Los Angeles Times - September 1, 2004
David Zucchino, Times Staff Writer


Activists infiltrate the convention floor. Police are accused of poorly kept detention sites.

NEW YORK - After Tuesday's protests and confrontations, the third day of the Republican National Convention was relatively calm as police and demonstrators seemed to pause Wednesday to catch their breath.

Protest groups held noisy but nonviolent rallies throughout Manhattan, promoting labor and women's rights and criticizing the war in Iraq. They were watched warily by throngs of police who kept sidewalks cleared of protesters while making about 20 arrests by nightfall.

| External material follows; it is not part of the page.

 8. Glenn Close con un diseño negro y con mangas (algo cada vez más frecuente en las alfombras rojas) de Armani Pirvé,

During Vice President Dick Cheney's speech, a woman identified as Gael Murphy of the activist group Code Pink was dragged off by security personnel after stripping off a jacket and revealing a pink slip with the words: "Cheney's in bed with Halliburton and we got screwed." Another Code Pink activist, Tiffany Burns of Los Angeles, raised a banner saying: "Cheney and Halliburton are making a killing in Iraq." Both were arrested.

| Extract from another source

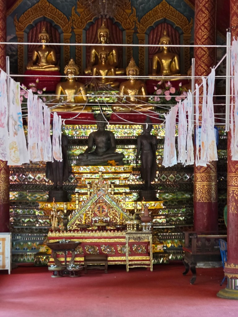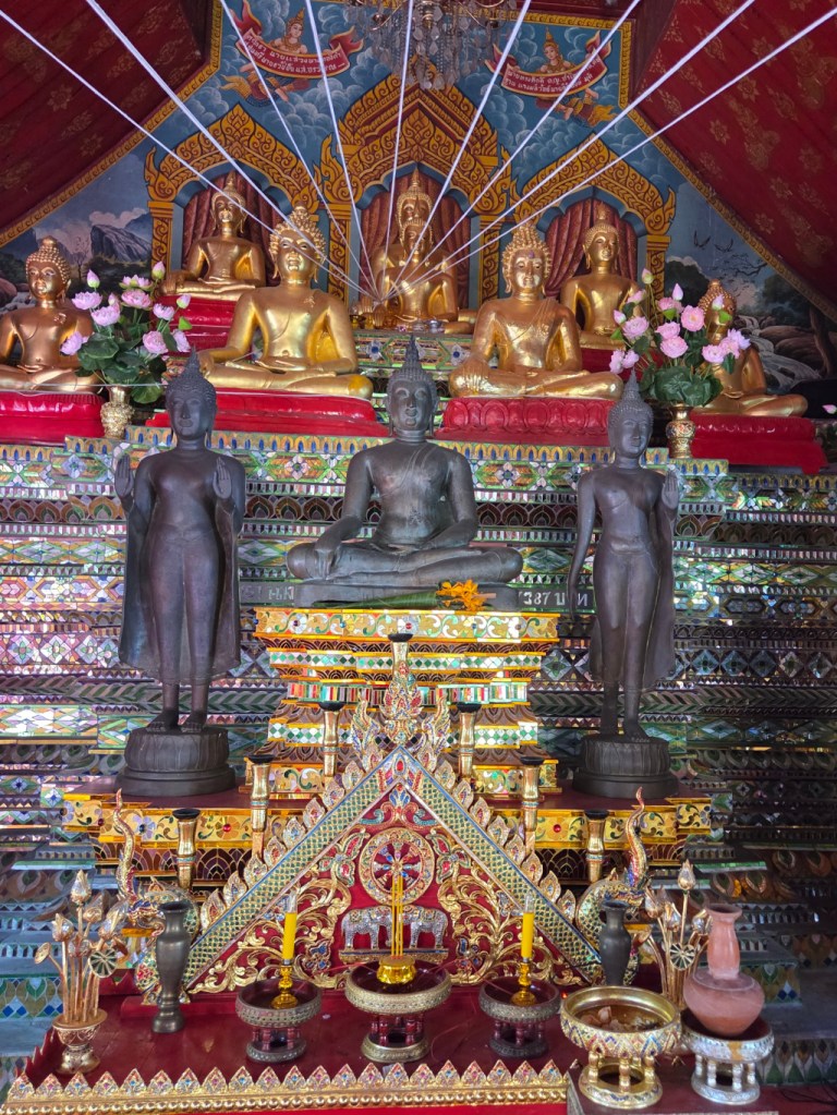 The inside of the viharn has a more somber, serious feeling, with the darker mood enhanced by the dark colored Buddha images on the altar.

At one rally, lawyers and civil rights groups accused police of indiscriminate arrests during Tuesday's demonstrations, alleging that officers had not given protesters opportunities to disperse. The lawyers also described what they said were dirty and dangerous conditions at temporary detention facilities.

More than 1,150 people were arrested Tuesday, police said, most for blocking sidewalks or for disorderly conduct. Police have made at least 1,700 arrests since the protests began last week. By comparison, 589 people were arrested during the violent 1968 Democratic convention in Chicago.

For the third consecutive day, protesters managed to pierce the police cordon around Madison Square Garden, site of the convention. A dozen AIDS activists inside the hall interrupted a noontime speech by White House chief of staff Andrew H. Card Jr. to young Republicans - including President Bush's twin daughters, Jenna and Barbara.

The activists stood on chairs and hoisted signs that urged U.S. officials to relieve the debt burdens of African nations to help pay for AIDS prevention and treatment. The group ACT UP took responsibility for the protest.

Police said that a cameraman and a young Republican convention-goer were slightly injured.

On Monday night, an antiwar protester had come within a few feet of Cheney before being arrested. Tuesday night, two antiwar activists were arrested inside Madison Square Garden after raising signs protesting the war in Iraq.

One of the convention's most violent incidents occurred late Monday, when a plainclothes officer was punched and kicked by a young man outside the convention site, according to a police report. Det. William Sample was released from a hospital Wednesday , police said.

Jamal Holiday, 19, was arrested Tuesday as he attended a demonstration and charged with second-degree assault.

Bruce Bentley, a member of the National Lawyers Guild, accused police of beating some protesters Tuesday and roughly forcing many others to the ground. Among those caught up in the wave of arrests were four legal observers from the guild.

Donna Lieberman, executive director of the New York Civil Liberties Union, said police duped protesters by negotiating approved marching routes, then intercepting marchers and trapping them in makeshift pens.

Lieberman said protesters were forced to sleep on oily concrete floors smeared with chemicals at a former bus repair facility on Pier 57. She said the city had promised to cover the floors with carpeting. Officials in the office of the deputy commissioner for public information would not comment on the detention facilities.

Police spokesman Paul Browne denied that police acted improperly in arresting protesters. "There was very disciplined restraint throughout the ranks," he said.

Protesters on Broadway near Wall Street waved pink slips listing unemployment statistics and a warning: "The next pink slip might be yours."